Before that, a quick glance at the configuration file. Basically, it’s a JSON file which we are maintaining which has various information or various specifications defined starting from the reporting name. There is metadata like title, type ID which will be used for logging, auditing, tracking purposes to bring those uniqueness to those reports. We have a schema defined. Not all data in an input dataset is used in all reporting so we have a schema which is defined to retell that the subset of data which will be used.
We have lookup datasets which will basically tell the local dataset which needs to be used in my input data set then we have the transmission rules. Basically, these are the rules which will transform or which will change the dataset based on the reporting needs then we have a reporting template which is an external template which we have provided which the template engine users to create the report then we have a schema. The definition of the schema.
Now, throughout the course of the session now, we will refer to our configuration file and we will tell you how each of the elements of the configuration file is driving the different stages of the reporting. Without spending much time, I’ll hand it over to Zheng. Zheng, what are you for deep-dive?

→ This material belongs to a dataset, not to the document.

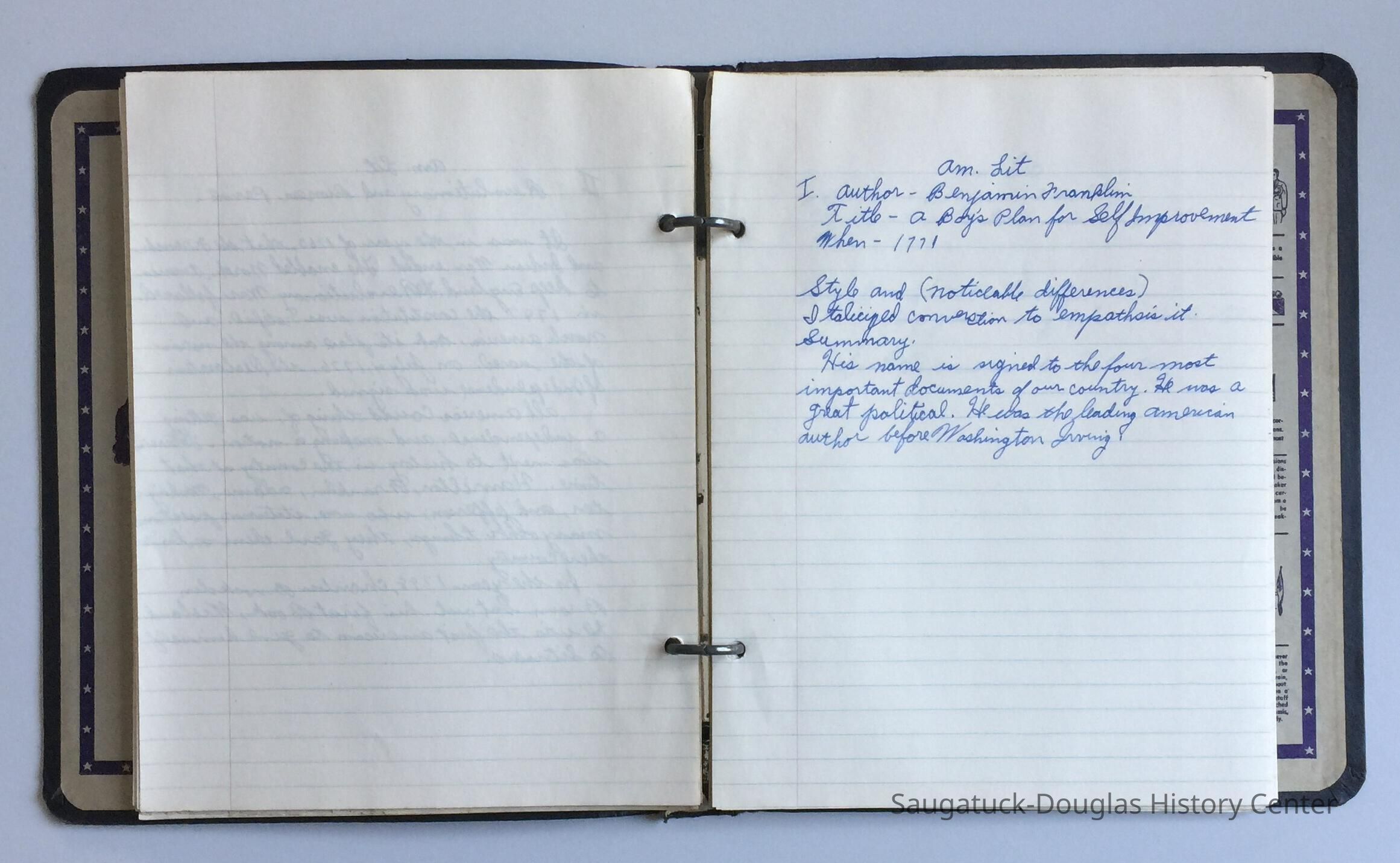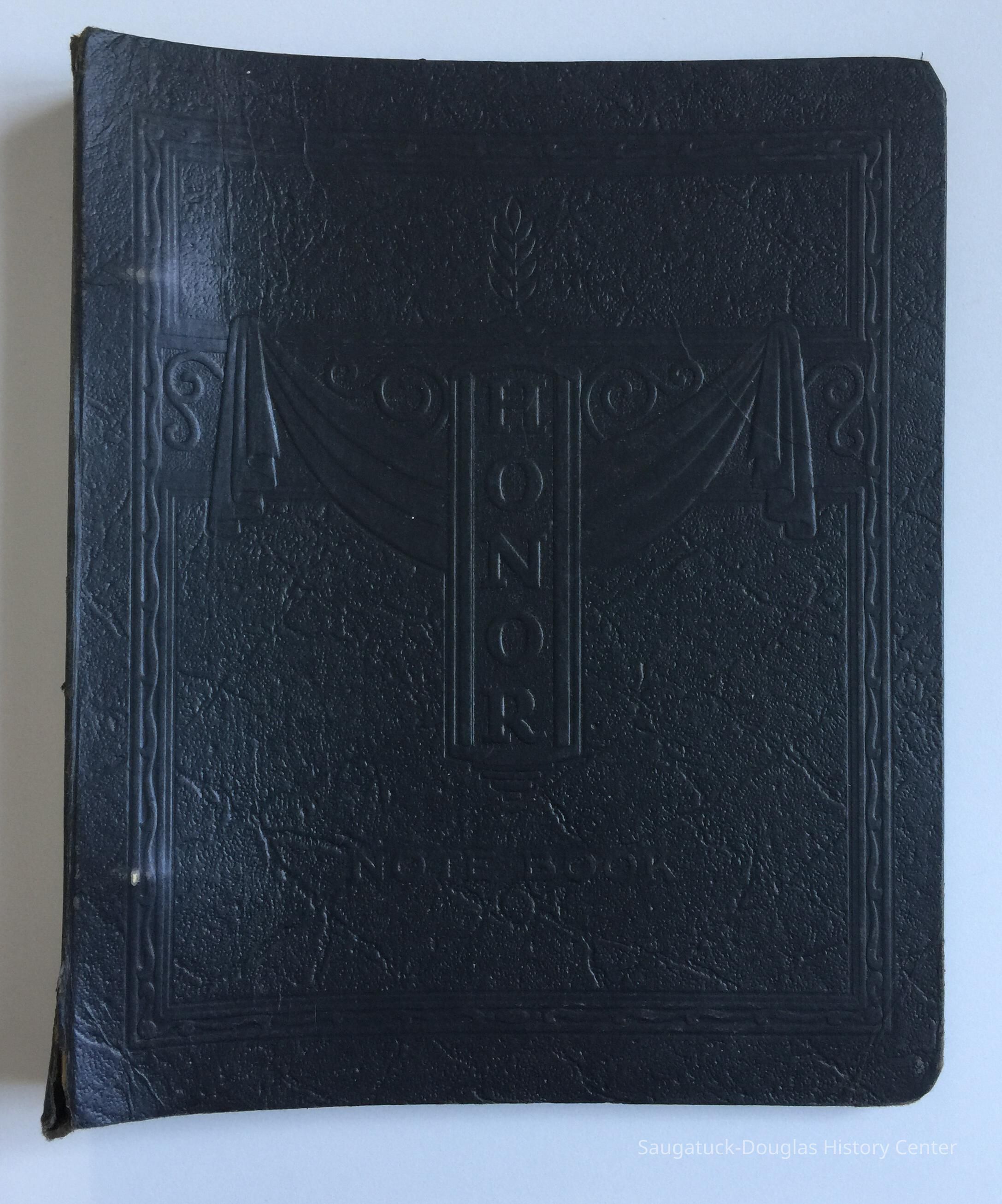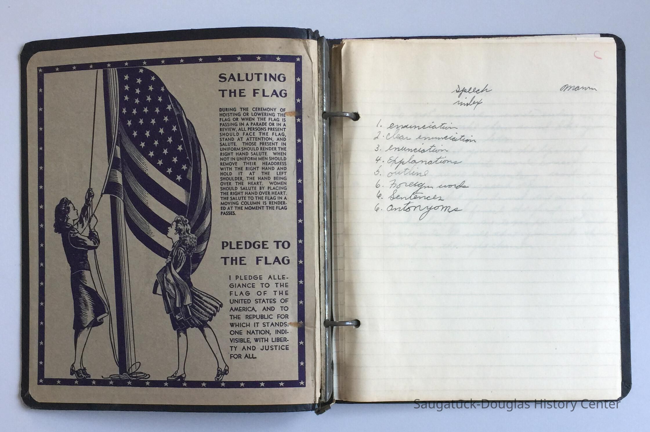 Black paperboard "Honor" 2-ring binder notebook with flag etiquette guidelines printed on inside cover. Binder contains collection of Marvin Demerest's school work handwritten in cursive on ruled paper.Context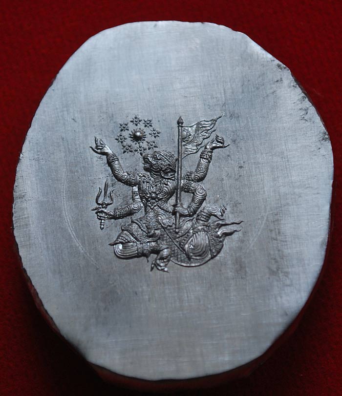 พื้นหลังเหรียญรอปรับแต่งเป็นแอ่งกระทะ เพื่อเน้นองค์พระให้ดูโดดเด่นสวยงาม

Zheng Gu: Okay. Let’s go to the deep-dive session. The first step will be the data lookup stage. After we read the Parquet files from HDFS, we have our original DataFrame but for this report we want to generate, we just need to use a subset of columns that in the original DataFrame. That’s the reason why we have this apply schema stage.
You might have questions about why Parquet has so many columns but are our reports only is part of it so the reason is we need to view this Parquet to generate different kinds of reports of feeds. Each report of feeds requires different columns and also the schema here is just a list of column names that we can get from the configuration file. After getting the list of column names, we can build a SQL query from it.
Here’s one example. There are four columns in the original DataFrame and after applying the schema, you can see the schema over there. The DataFrame with two columns which are specified in the Spark SQL query is returned. In this way, we can reduce the size of DataFrame at the beginning which will also save some computing time and later on resources.
This is our apply schema stage and the next one will be data lookup stage. After we applied the schema, we may still find some new info which is needed by the report but not provided by the Parquet itself so that’s the reason why we need this stage but we can find how to look up and what to look up in the configuration file also.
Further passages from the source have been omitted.